Hasta hace cuatro años, Madrid era un lugar distinto. El ambiente era diferente, la velocidad era otra, los ceños fruncidos eran más recurrentes que ahora y la libertad tomaba una definición complicada. Hasta hace cuatro años, Madrid era una ciudad doblada en seis partes, escondida, en la que sobrevolaba una nube gris que echaba por tierra aquello de su cielo.

Recuerdo 2015. Nos reunimos mucha, muchísima gente, más de la que alcanzo a recordar, en la Cuesta del Moyano. Repartían caretas con medio rostro de una mujer hasta entonces desconocida. Su nombre era Manuela Carmena. La mayoría no sabíamos quién era, pero queríamos saberlo. Prometía cuidar de Madrid desde un tono amable, y por aquel entonces no necesitábamos mucho más que alguien que se comprometiera a acariciar la capital, a quererla sin obligarla, a desempolvar las esquinas que acumulaban trampas. A veces uno sólo necesita escuchar que lo van a querer.

Recuerdo el nervio, la sensación de tenerlo en la punta de los dedos. Yo aún no me había empadronado en Madrid así que no podía votarla, pero quería que fuera mi alcaldesa. La ciudad se ahogaba y ella tendía su mano. Muchos dudaban, lo cual es más que lícito porque nos han descuidado y desconfiamos, pero muchos otros la creímos porque no teníamos nada que perder.

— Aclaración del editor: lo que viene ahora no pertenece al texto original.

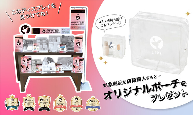 そして本州・四国のイオン・イオンスタイルのグラムビューティーク(*1)では、編集部が厳選した「LIPSベストコスメ2023」受賞アイテムが手に入る、特別コラボディスプレイも本日より順次設置されます。
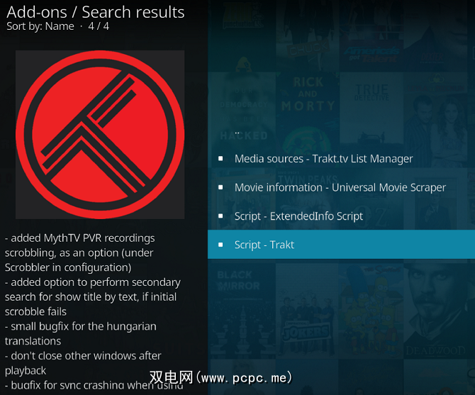 在此阶段,我们还建议您安装Trakt附加组件。该服务类似于LastFM,但适用于电影和电视节目。
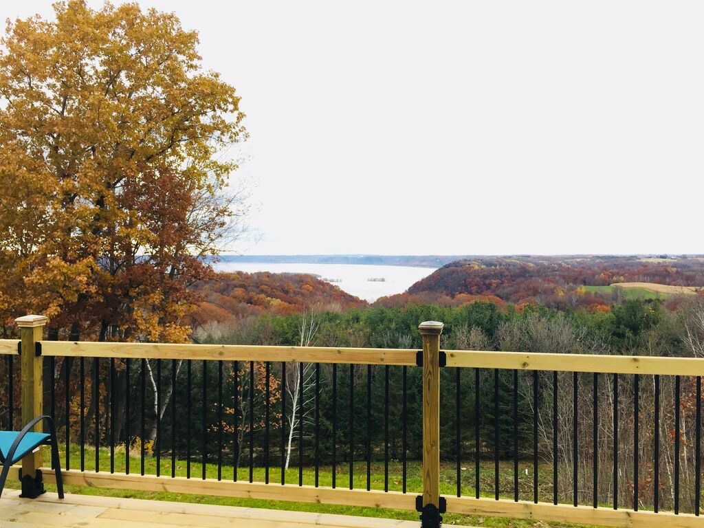 新建, ( 2018年) ,位於安靜、放鬆的2英畝鄉村環境中,可俯瞰密西西比河! 2500平方英尺。 距離Gatherings on the Ridge僅4英裏,距離歷史悠久的Prairie Du Chien市中心僅20分鐘路程,距離河流僅一小段路程。 可容納8-10人,主臥室配有1張雙人床、2張雙人床和雙人沙發床,地下室配有雙人床、2間浴室,主浴室配有噴射浴缸、全功能廚房(鍋、平底鍋、碗碟、烤麵包機、Keurig、咖啡壺、咖啡、鬆餅鐵等)

Manuela llegó a la alcaldía. Se deshizo de los gestos grandilocuentes, salió de los despachos grandes, se sacó una tarjeta de metro, redujo una deuda aberrante mientras invertía en gasto social, se rodeó de un equipo feminista, dio voz a quienes habitamos la capital, llenó de aire azul la nube gris que nos enferma y acabó con la vergüenza del incumplimiento de la Ley de la Memoria Histórica. Todo eso está ahí, se puede ver, se puede tocar.

Esta vez, Manuela no viene sola. Le acompaña un hombre bueno que habla con pasión, y eso me gusta. Él se llama Íñigo Errejón y promete cuidar de la Comunidad de Madrid con justicia y entrega. Y sí, yo también creo en él, como creí en Manuela en 2015, como creo en ella ahora.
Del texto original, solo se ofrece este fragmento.